First-Ever Direct Picture of a Planet Being Born

Astronomers have captured for the first time an image of a baby exoplanet, through the disc of dust that surrounds its star.

First confirmed image of newborn planet caught with ESO’s VLT, is an orange dwarf 113.4 parsecs (370 light-years) away from Earth.

SPHERE, a planet-hunting instrument on ESO’s Very Large Telescope, has captured the first confirmed image of a planet caught in the act of forming in the dusty disc surrounding around the very young star PDS 70.

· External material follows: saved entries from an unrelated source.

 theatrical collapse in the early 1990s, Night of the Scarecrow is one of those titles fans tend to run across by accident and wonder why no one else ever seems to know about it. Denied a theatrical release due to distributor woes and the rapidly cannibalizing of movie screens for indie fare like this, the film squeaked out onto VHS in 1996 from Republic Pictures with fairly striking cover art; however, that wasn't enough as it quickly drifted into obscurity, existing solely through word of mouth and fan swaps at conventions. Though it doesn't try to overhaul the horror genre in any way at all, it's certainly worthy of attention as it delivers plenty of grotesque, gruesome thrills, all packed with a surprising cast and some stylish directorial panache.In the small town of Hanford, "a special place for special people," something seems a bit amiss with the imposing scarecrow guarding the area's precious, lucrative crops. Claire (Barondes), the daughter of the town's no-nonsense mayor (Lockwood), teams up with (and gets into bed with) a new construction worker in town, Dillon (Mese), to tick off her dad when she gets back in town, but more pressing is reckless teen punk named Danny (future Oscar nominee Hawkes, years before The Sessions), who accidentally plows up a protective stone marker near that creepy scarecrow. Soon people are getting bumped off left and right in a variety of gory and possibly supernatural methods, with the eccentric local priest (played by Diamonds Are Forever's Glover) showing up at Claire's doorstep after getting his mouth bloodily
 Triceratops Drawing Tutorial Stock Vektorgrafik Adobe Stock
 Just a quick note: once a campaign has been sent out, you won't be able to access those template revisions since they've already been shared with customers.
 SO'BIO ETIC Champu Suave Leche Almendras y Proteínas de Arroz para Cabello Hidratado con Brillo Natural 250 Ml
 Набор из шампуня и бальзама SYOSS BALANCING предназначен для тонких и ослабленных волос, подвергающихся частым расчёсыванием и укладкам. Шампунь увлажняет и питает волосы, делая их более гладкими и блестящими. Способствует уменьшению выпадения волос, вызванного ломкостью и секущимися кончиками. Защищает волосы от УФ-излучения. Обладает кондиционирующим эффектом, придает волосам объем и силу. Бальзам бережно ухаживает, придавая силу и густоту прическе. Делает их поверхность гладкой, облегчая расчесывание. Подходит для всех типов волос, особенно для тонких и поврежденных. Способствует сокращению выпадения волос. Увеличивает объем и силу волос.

The planet stands out very clearly in the new observations, visible as a bright point to the right of the blackened centre of the image. It is located roughly three billion kilometres from the central star, roughly equivalent to the distance between Uranus and the Sun.

The analysis shows that PDS 70b is a giant gas planet with a mass a few times that of Jupiter. The planet’s surface has a temperature of around 1000°C, making it much hotter than any planet in our own Solar System.

The dark region at the centre of the image is due to a coronagraph, a mask which blocks the blinding light of the central star and allows astronomers to detect its much fainter disc and planetary companion. Without this mask, the faint light from the planet would be utterly overwhelmed by the intense brightness of PDS 70.

Miriam Keppler, who lead the team behind the discovery of PDS 70’s still-forming planet, explains:

“These discs around young stars are the birthplaces of planets, but so far only a handful of observations have detected hints of baby planets in them. The problem is that until now, most of these planet candidates could just have been features in the disc.”